REQUIRED WORK: All the lines below should appear again unchanged, though their pictures should not.

SOURCE DATA:
═══
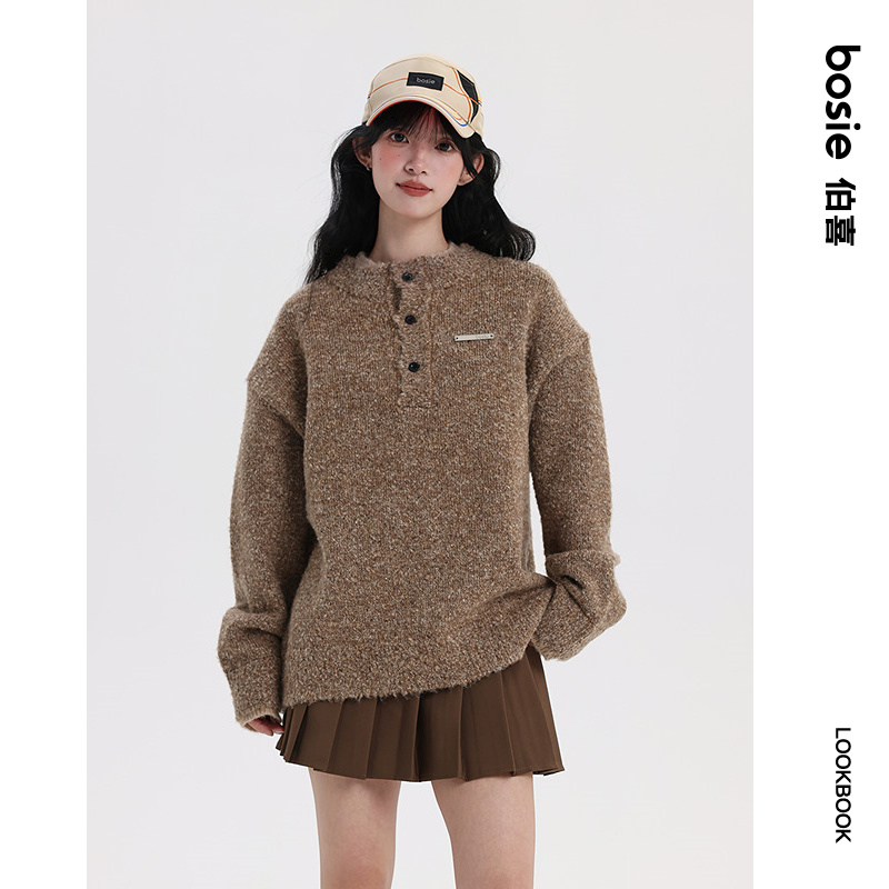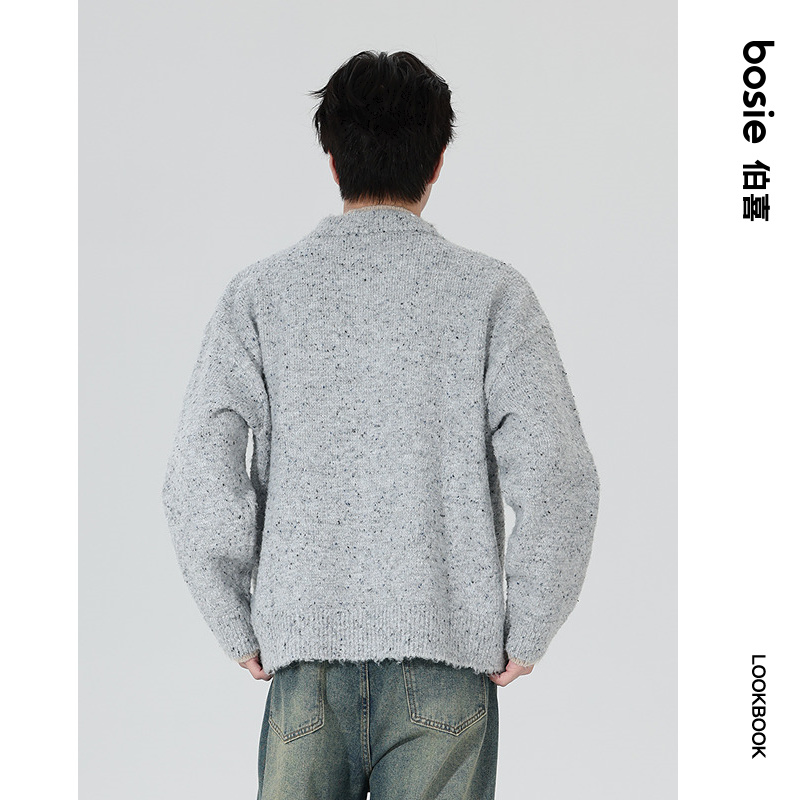 宽松慵懒风圆领毛衣男情侣休闲百搭毛衫 bosie伯喜2025年秋季 新款
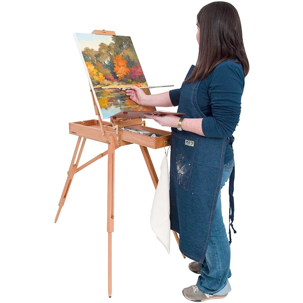 Ez a fából készült, háromlábú festőállvány tökéletes eszköz kezdő és haladó művészek számára. Rajzolásra és festésre egyaránt alkalmas, könnyen összeszerelhető, összecsukható és kényelmesen hordozható. Kézben vihető vagy vállpánt segítségével vállra akasztható, így bárhol alkothatsz, legyen szó otthoni kreatív időtöltésről vagy szabadtéri festésről.
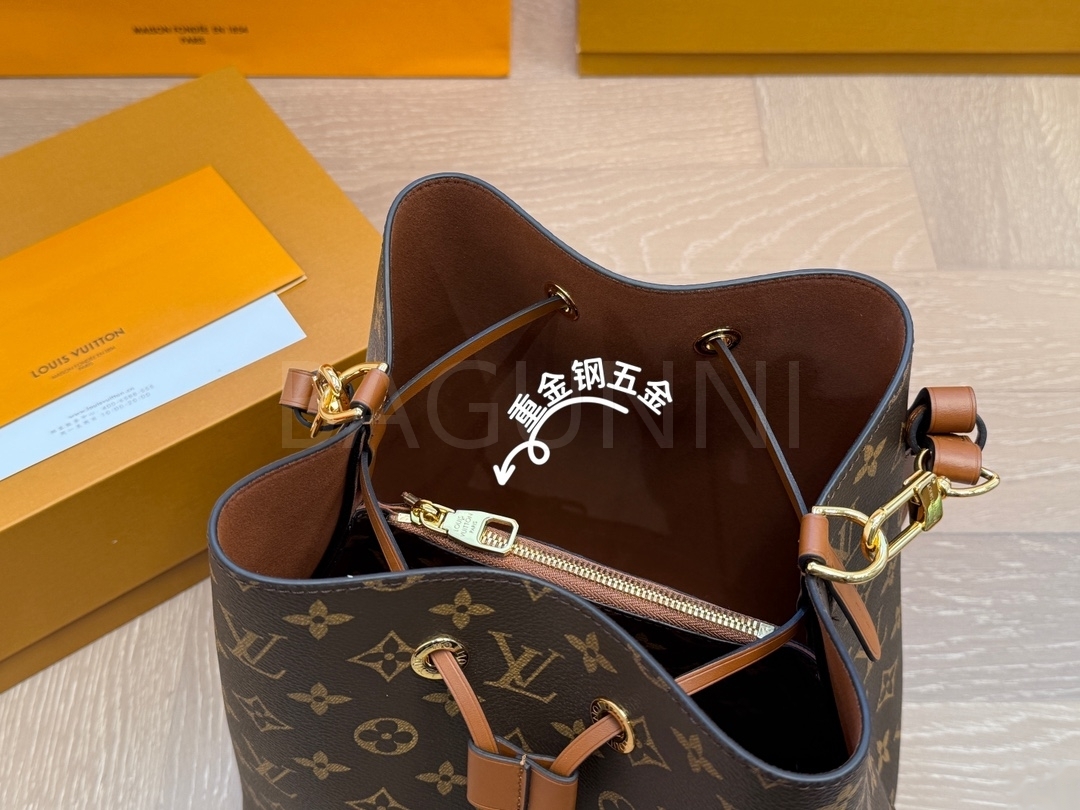모노그램 패턴, 버킷 실루엣, 여유 있는 수납력 디테일이 조화롭게 어우러져 완성도를 높여줍니다 필수 소지품을 여유 있게 수납하기 좋습니다
═══
RESPONSE:
 宽松慵懒风圆领毛衣男情侣休闲百搭毛衫 bosie伯喜2025年秋季 新款
 Ez a fából készült, háromlábú festőállvány tökéletes eszköz kezdő és haladó művészek számára. Rajzolásra és festésre egyaránt alkalmas, könnyen összeszerelhető, összecsukható és kényelmesen hordozható. Kézben vihető vagy vállpánt segítségével vállra akasztható, így bárhol alkothatsz, legyen szó otthoni kreatív időtöltésről vagy szabadtéri festésről.
모노그램 패턴, 버킷 실루엣, 여유 있는 수납력 디테일이 조화롭게 어우러져 완성도를 높여줍니다 필수 소지품을 여유 있게 수납하기 좋습니다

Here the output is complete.